Eating it Up: Food ads from the 80s and 90s that I still can’t forget

When I was writing my piece for Table Matters about the Grey Poupon ad campaigns, I kept remembering how much my family got a kick out of imitating the accents in the 1980s commercial: Pardon me, but do you have any Grrrrey Pou-pon? It wasn’t just us: Wayne’s World poked fun at it too. Those accents, that ridiculous posh manner–just too much fun. (Which, of course, was the goal of the ad.)

When my mom read the article, she was reminded of a different commercial from the 80s that my brother and I parroted incessantly.  Whenever we recognized our neighborhood on the way back from a long car trip, we would intone “Almost Home Cookies. You can almost taste the recipe!”

I have no memory of that commercial, which is a run-of-the-mill husbands-are-from-Mars-wives-are-from-Venus dialogue, but I definitely remember the tagline. My brother and I are pretty good mimics and we had great fun trying on the confident and persuasive Grown Up Announcer voice.

Once reminded of this childhood tagline mimicry, I could recall a number of other jingles and taglines that had firmly embedded themselves in my childhood consciousness. Oddly, nearly all the examples I remember are commercials for food: in addition to Grey Poupon and Almost Home Cookies, I was also forever imitating–or even reenacting, with dolls or friends–the melodrama of my favorite Fig Newton commercial, which I cannot find anywhere on the internet. A man and a woman float on the sea (in a raft? a lifeboat? not sure); they have but a cookie and a Newton between them, and the man chivalrously offers to eat the cookie. The woman flings the cookie into the sea, saying “Not a bit of it Charles. We’ll share the Newton!” Share was a long drawl, a world of ahhhh in one syllable.

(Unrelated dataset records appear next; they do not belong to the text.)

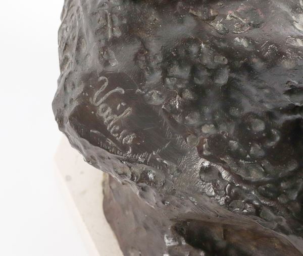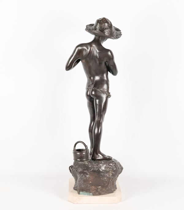 Firmata. "Pescatorello", grande scultura in bronzo di ottima fattura, sorretta da base ottagonale in marmo bianco
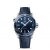 This model, with its scratch-resistant sapphire crystal, features a black ceramic dial with Arabic numerals and a date window at the 3 o’clock position. The black ceramic unidirectional bezel with OMEGA Liquidmetal™ diving scale is mounted on a 43.5 mm stainless steel case.
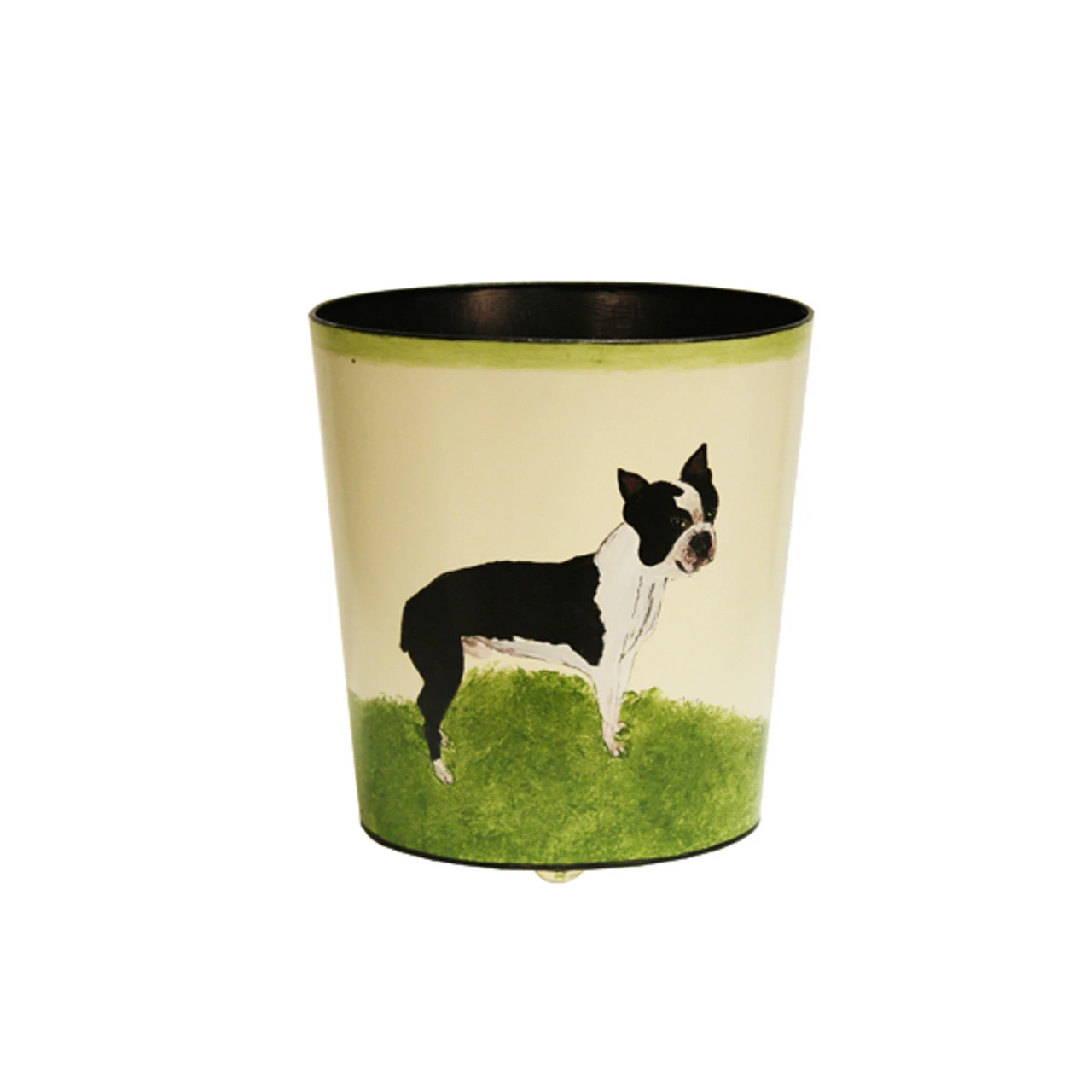 Enjoy the Boston Terrier Wastebasket in your home today! A thoughtful gift for clients and friends (or just in honor of your own fur babies!), our hand painted Boston Terrier wastebasket brings a delightful finishing touch to any room. Contact [email protected] for customization options.

That ad had more appeal for me as a child than the other favorite Newton ad of the same period, also difficult to find online, in which a child crisply informs his mother that the snack he ate in bed was not a cookie but a “frrrruit Newton.” (Thus, he could not be chastised for eating cookies in bed.) Again with the posh accents–perhaps taking a cue from the Grey Poupon commercials?–but as a child, I was far less interested in other children than in dramatic, elegant scenes of adulthood. I also liked I Can’t Believe it’s Not Butter for this reason: before the long-running series of Fabio commercials, I Can’t Believe It’s Not Butter staged romantic scenes of departing trains and ballrooms. In fact, I recall storyboarding one of these ads in one of my numerous grade school notebooks: as though I were going to include it in a movie script, I wrote down the setting (ballroom) and the scenery (chandeliers, fog) and sketched the dancers (although I drew them in the lift pose from Dirty Dancing). Why? I can’t remember. I can only conjecture.

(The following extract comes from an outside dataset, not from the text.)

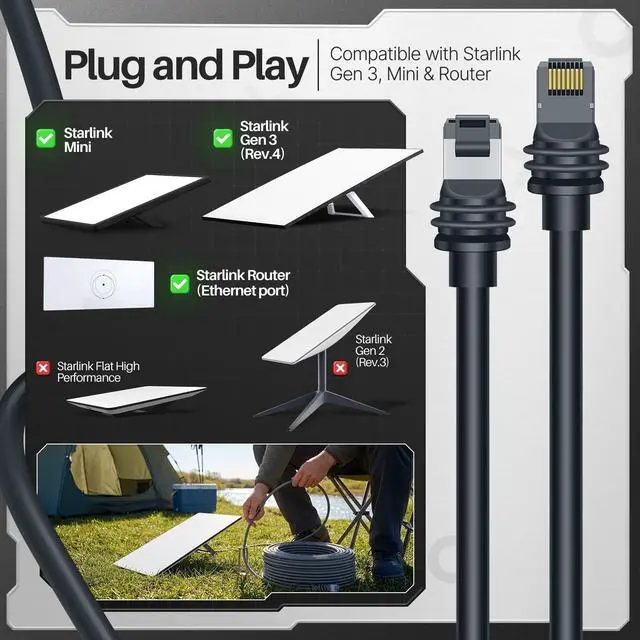 Simple Plug-and-Play Setup: Purpose-built replacement cable for Starlink Gen 3 and Mini installs without crimping tools or manual wiring. Run the line along walls, under eaves, or across attics, then plug into your Starlink dish and router ports for quick, secure installation

When I’ve taught advertising analysis in college composition courses, we tend to examine ads in light of the consumer desire they are meant to invoke. But the consumer we had in mind was always an adult: we’d imagine I Can’t Believe It’s Not Butter trying to seduce women by promising of a spread with the decadence taste of butter but fewer calories; we’d discuss the ways the British upper crust in Newton ads, as in the Grey Poupon ads, are meant to solicit our humor and envy at the same time. But I’m astonished to think of how deeply these ads deeply affected my childhood self, without having any of the pull they are intended to have for adults. Instead, they represented a glimpse into adulthood–a theatrical, appealing variety of adulthood–that were easily accessible (airtime during family television programming) and digestible (being short, and punchy). The memorable ones tend to have a story–in 30 seconds, they lay the scene and set the stakes–so for a child who loves stories, these commercials are candy, quick fixes. (The storyboarding incident suggests that I was learning a lot about narrative from television advertising, which is kind of neat but also kind of alarming.)

Those are my theories, anyhow. What commercials do you remember from your youth? What made them memorable? Or, from those of you that have children, I’d be very interested to know whether there are any television ads that your children repeat and reenact in this way.